Во время доверительной беседы с Черчиллем Марго сказала, что, по мнению Асквита, неумеренные речи Ллойд-Джорджа обошлись им, по меньшей мере, в тридцать голосов. Избиратели дали хороший урок, отсутствие у членов парламента «сдержанности и выдержки» обошлось им потерей большинства голосов. Марго поздравила Уинстона с тем, как ответственно он провел выборную кампанию, и советовала и далее придерживаться такой же линии. «Почему бы не начать с чистого листа и добиться того, чтобы тебя все любили и уважали? — спрашивала она своим требовательным тоном. — Ты считаешь, что это глупо. А разве не глупее разговаривать с журналистами и объединяться с Ллойд-Джорджем?»
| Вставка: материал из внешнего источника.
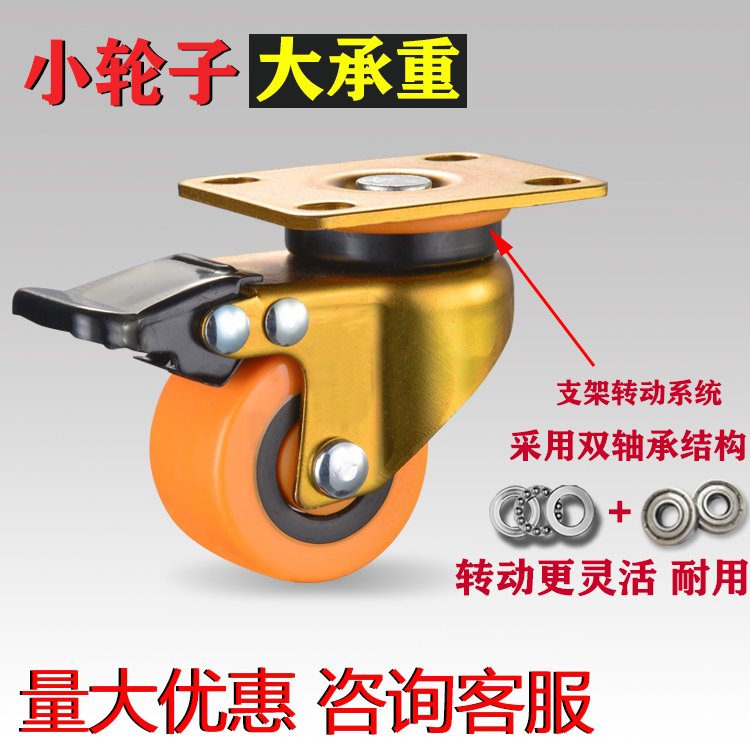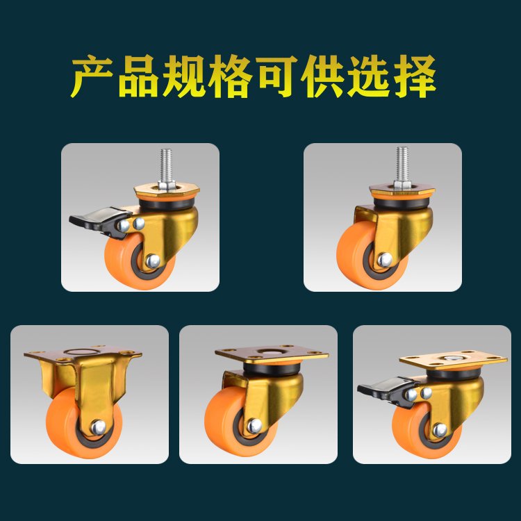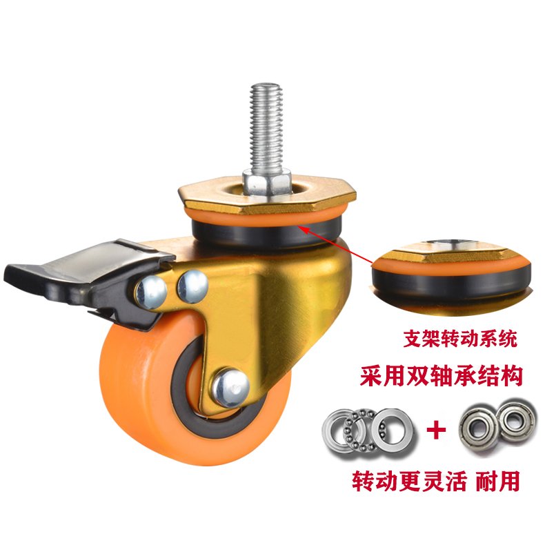 万向轮聚氨酯pu静音脚轮2寸1.5寸黄锌家具丝杆带刹车万向脚轮

Уинстон не пытался оправдать своего коллегу. Он понимал — нынешняя расстановка сил в парламенте усложнит продвижение новых законов. Либералы утратили возможность сделать то, на что он потратил два последних года. Он мог оставаться по-прежнему министром торговли и продолжать двигаться в том же направлении, но ему нравились те дела, где он мог ожидать быстрых результатов, а теперь на это было мало надежды. Все начинания будут срываться. А еще следовало позаботиться о том, чтобы подняться на ступеньку выше в кабинете министров и встать на один уровень с Ллойд-Джорджем.
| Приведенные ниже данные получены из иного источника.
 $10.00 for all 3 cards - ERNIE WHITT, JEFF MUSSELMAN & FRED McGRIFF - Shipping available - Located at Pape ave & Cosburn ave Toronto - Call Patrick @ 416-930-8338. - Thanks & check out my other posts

Премьер-министр согласился, что Уинстон заслужил продвижение по службе, и предложил ему «одно из наиболее щекотливых и трудных мест — в министерстве по делам Ирландии». Но Черчилля предложение заниматься «щекотливым» делом не вдохновило. Оно сулило много сложностей, из-за новых требований ирландских националистов. Поскольку он был своим человеком в семье Асквитов, Уинстон решил отказаться от ирландского отделения и высказать свое пожелание. Две сферы деятельности представлялись ему достаточно престижными, то есть такими, которых, как ему представлялось, он заслуживал. 5 февраля он написал премьер-министру, что «был бы рад занять руководящий пост в адмиралтействе (учитывая, что место стало вакантным) или в министерстве внутренних дел. «Хотелось бы сказать, с Вашего разрешения, — что министры должны занимать такие позиции в правительстве, которые бы соответствовали их влиянию в стране».
Другими словами, он заслужил (что можно было видеть по результатам работы последнего года) встать на один уровень со своими коллегами и хотел, чтобы его должность была соответствующей. Асквит не счел нужным возражать. Через несколько дней появилось сообщение, что Черчилль назначен новым министром внутренних дел. Это продвижение сразу вывело его в первые ряды членов кабинета, а также заметно улучшило его собственное финансовое положение. Его зарплата сразу выросла почти в два раза по сравнению с зарплатой министра торговли. Теперь он получал 5 000 фунтов.
В круг его обязанностей входило наблюдение за работой судов, полиции и тюрем. В день его выхода на службу Уинстон получил приглашение на ужин. Он пришел и сел, настолько погруженный в себя и свои мысли, что с ним случалось довольно часто, что почти не произнес ни слова во время еды. А потом неожиданно повернулся к сидевшей рядом с ним Джин Хэмилтон — привлекательной пожилой леди — и проговорил, как если бы продолжал думать вслух: «В конце концов, мы делаем слишком много смерти». Джин — жена генерала Йэна Хэмилтона, друга Черчилля, достаточно хорошо знала, насколько мало его заботят обычные вежливые обмены любезностями, и что он способен отпускать замечания по совершенно непонятным для других поводам. Поэтому она просто вежливо уточнила: «Да, думаю, вы правы, но почему вы заговорили об этом сейчас?»
Черчилль не мог избавиться от тягостной мысли, которая преследовала его весь первый день работы, когда он столкнулся с одной из самых малоприятных сторон своей деятельности.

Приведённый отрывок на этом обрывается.